There is some ambiguity with regard to the contribution due to the fermions.
However, on--shell the fermion contribution adds up to a positive
term. Therefore, generically the fermions will contribute negative sources
to the dilaton.

This appearance of positive and negative source terms for the dilaton
apparently works for any value of $D$.
Of course, the negative terms are absent
in the ten--dimensional formulation
of superstring theory
since eleven--dimensional
supergravity does not contain elementary fermions
and Yang--Mills fields.

However, the case $D=4$ is peculiar due to the logarithmic IR divergence of the
electrostatic potential in 2+1 dimensions. In a linear approximation
the dilaton $\ln\Phi$ behaves like a massless scalar field
coupled to external sources,
whence finiteness of energy requires a vanishing dilaton charge:
\begin{equation}\label{cond}
\int d^2 \mbox{\bf x}\,\Big(\frac{1}{4}f_{ij}f^{ij}
+\frac{1}{8}
(V+Af)_{ij}^\alpha (V+Af)^{ij}_\alpha
-\frac{1}{4}
g^{ij}D_i A^\alpha \cdot D_j A_\alpha
\end{equation}
\[
-\frac{1}{2}q(\overline{\psi}_+ A\psi_+ +\overline{\psi}_-
A\psi_-)+\frac{1}{4}M(\psi_+^+\psi_- +\psi_-^+\psi_+)
+\frac{i}{16}f_{ab}
(\overline{\psi}_+ \gamma_+^{ab}\psi_+ +\overline{\psi}_-
\gamma_-^{ab}\psi_-)\Big)
=0
\]

This property is similar to charge neutrality of the Coulomb gas in
two dimensions and can be derived from
conformal invariance of the
partition function or independence of the arbitrary length scale entering
the definition of the electrostatic potential.
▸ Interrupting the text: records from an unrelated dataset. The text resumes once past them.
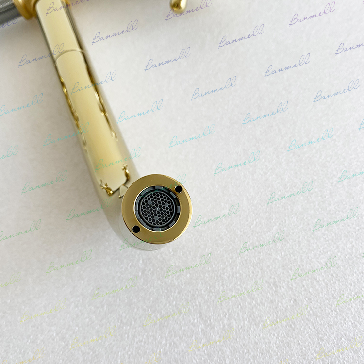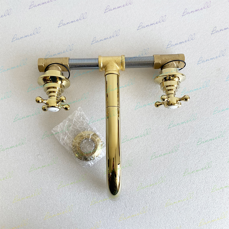 Exported to the UK through WS, the original single NP mouth, golden retro ceramic double handle, concealed into the wall basin faucet
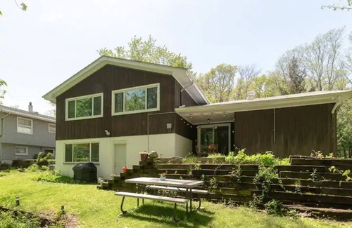 This is a split-level home with stairs and a terraced back yard overlooking a deep, wooded ravine. Unfortunately, it is not suitable for folks with impaired mobility, crawling infants or toddlers. Children over 5 are welcome with close supervision!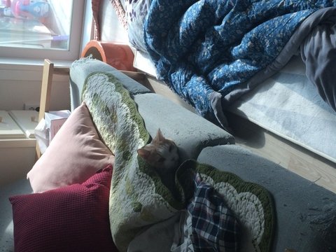 침대에 혼자 자고 있다 급 일어나서 누나 있는 곳으로 갔다옹.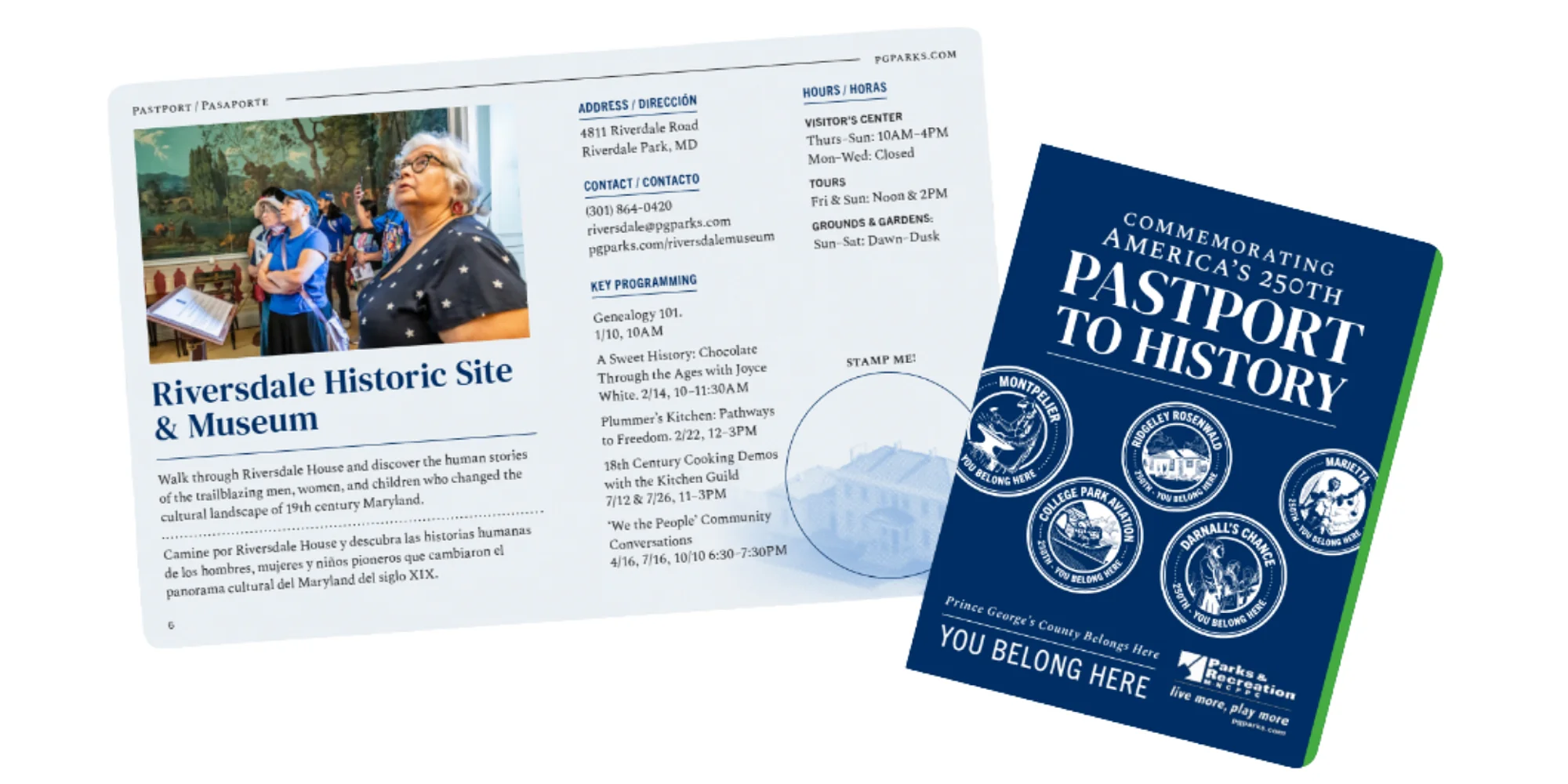 HOW DO YOU USE THIS PASTPORT? Use your Pastport to travel through time and discover the real stories of the people who built and shaped Prince George’s County. At each museum you visit, explore exhibits, programs, and tours, and discover how the past connects to your present. General admission to all museums is FREE. Visit all seven museums Collect all seven Pastport stamps Turn in your Pastport to enter a drawing for a FREE trip to any National Trust for Historic Preservation site you choose! WHAT’S THE PRIZE Enter for a chance to win one of two free trips for two to any National Trust for Historic Preservation site of your choice! Explore all the amazing destinations you could choose from at savingplaces.org. Each grand prize includes: Round-trip airfare A 3-day, 2-night stay for two in one hotel room near your selected historic site Admission to the site, coordinated by the National Trust for Historic Preservation Limit one entry per person. Entries must be submitted by December 31, 2026. The drawing will take place on January 8, 2027. For complete terms & conditions, click on the “TERMS & CONDITIONS” tab below. Museums To Visit Pastport Pickup Locations Upcoming Events Terms & Conditions Museums To Visit College Park Aviation Museum Museums Darnall’s Chance Historic Site & Museum Historical Sites Museums Marietta Historic Site & Museum Historical Sites Museums Montpelier Historic Site & Museum Historical Sites Museums Ridgeley Rosenwald School Historic Site & Museum Historical Sites Museums Riversdale Historic Site & Museum Historical Sites Museums Surratt Historic Site & Museum Historical Sites Museums Pastport Pickup Locations Location Address Belair Mansion 12207 Tulip Grove Dr, Bowie, MD 20715 Belair Stable Museum 2835 Belair Dr, Bowie, MD 20715 Beltsville Community Center 3900 Sellman Rd, Beltsville, MD 20705 Berwyn Heights Community Center 6200 Pontiac St, Berwyn Heights, MD 20740 Bladensburg Community Center 4500 57th Ave, Bladensburg, MD 20710 Bladensburg Waterfront Park 4601 Annapolis Rd, Bladensburg, MD 20710 Bowie Community Center 3209 Stonybrook Dr, Bowie, MD 20715 Bowie Railroad Museum 8614 Chestnut Ave, Bowie, MD 20715 Brentwood Arts Exchange 3901 Rhode Island Ave, Brentwood, MD 20722 Cedar Heights Community Center 1200 Glen Willow Dr, Capitol Heights, MD 20743 College Park Aviation Museum 1985 Corporal Frank Scott Dr, College Park, MD 20740 Columbia Park Community Center 1901 Kent Village Dr, Landover, MD 20785 Deerfield Community Center 13000 Laurel – Bowie Rd, Laurel, MD 20708 Evelyn Cole Senior Activity Center 5720 Addison Road, Seat Pleasant, MD 20743 Glenarden Community Center 8615 McLain Ave Suite A, Glenarden, MD 20706 Glenn Dale Community Center 11901 Glenn Dale Blvd, Glenn Dale, MD 20769 Glenridge Childcare North 7200 Gallatin St, Landover Hills, MD 20784 Good Luck Community Center 8601 Good Luck Rd, Lanham, MD 20706 Greenbelt Branch Libra...

It can also be inferred
from the fact that the retarded potential
$\frac{\Theta(t-r)}{2\pi\sqrt{t^2-r^2}}$
yields a finite dilaton for static configurations only if the
sources add up to zero.

The self--trapping mechanism encoded in (\ref{cond})
is superficially stable with respect to quantum effects,
since calculation of the 1--loop
effective potential in the linear approximation and
in presence of an ultraviolet
cutoff $\Lambda$ yields a
$\Lambda^3\cosh(\ln\Phi)$--type potential of the dilaton.
However, consideration of an effective potential in a nonrenormalizable
theory is rather speculative, and it is clear that like in the
four--dimensional theory with gravity a proper treatment of quantum effects
would imply genuine stringy considerations.
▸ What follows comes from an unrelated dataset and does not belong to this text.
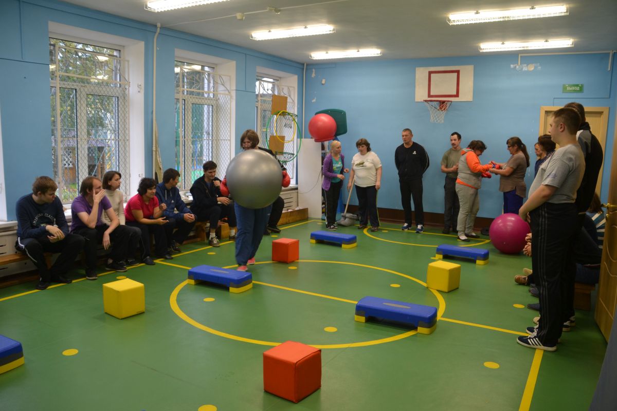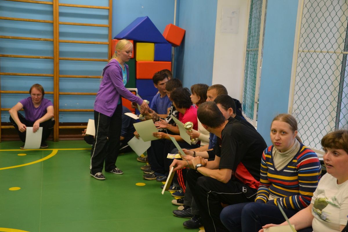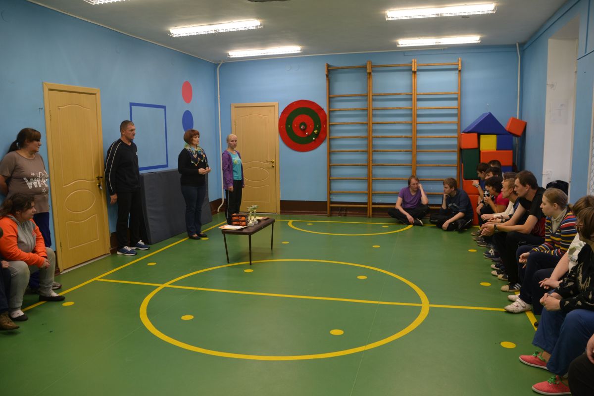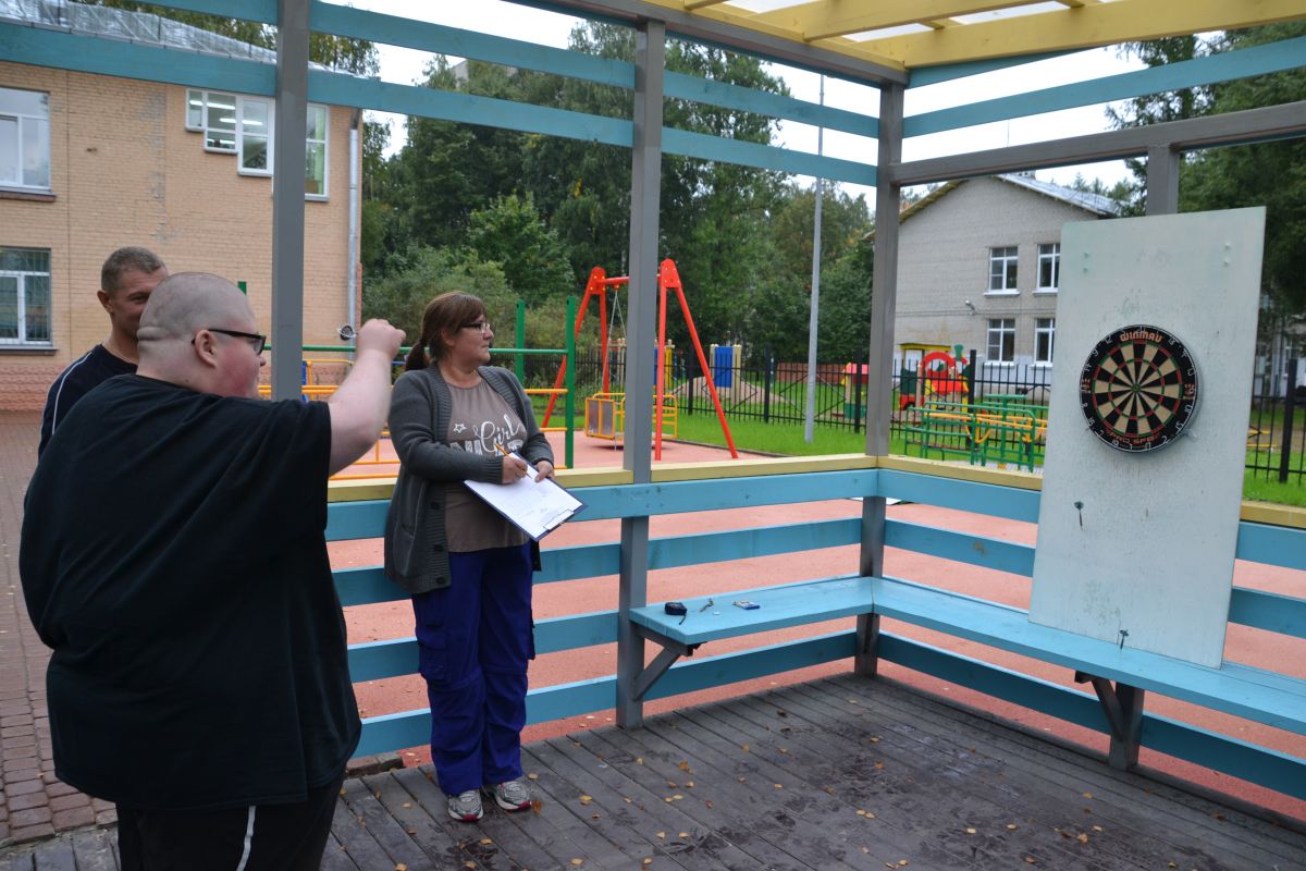 Затем мероприятие продолжилось на игровой площадке перед зданием нашего Центра под теневым навесом (дартс) и в спортивном зале (эстафеты, подвижные игры, бочче, пионербол). К сожалению,погода была ненастная, однако эта сырость не испортила никому настроения. Для участия в подвижных играх и эстафетах ребята разделились на две команды по 10 человек в каждой.  Соревнования были задуманы таким образом, чтобы каждый участник смог проявить свою ловкость, быстроту, меткость и смекалку, при этом понимая, что это командная игра, а значит победа зависит от общих усилий.

The physics behind (\ref{cond}) is more transparent than in the case
of the Coulomb gas, since particles and antiparticles contribute in
the same way to the dilaton: If a gauge boson excites a dilaton field
the divergence of the resulting energy density implies
pair production of adjoint scalars and fermions to restore an asymptotically
vanishing dilaton. Clearly, $M$ suppresses
the production of fermions relative to adjoint scalars.
Stated in another way: The adjoint scalar and light fermions screen
the dilaton charge of the gauge bosons.

The observed stability of the dilaton in this framework is not in
contradiction with unwinding of the fourth dimension, since in the
parametrization (\ref{KK}) the length $L$ of the range of $x^{D-1}$
determines the radius of the internal dimension rather than the
dimensionless dilaton $\Phi$. Rescaling $x^{D-1}$ to an angular variable
through the substitution $\Phi\to L^4\Phi$ shows immediately that
the reasoning above only implies stability of an arbitrary large internal
dimension against low energy excitations. Unwinding should
arise as a nonperturbative string effect rather than a property of a
low energy effective field theory with time--dependent couplings.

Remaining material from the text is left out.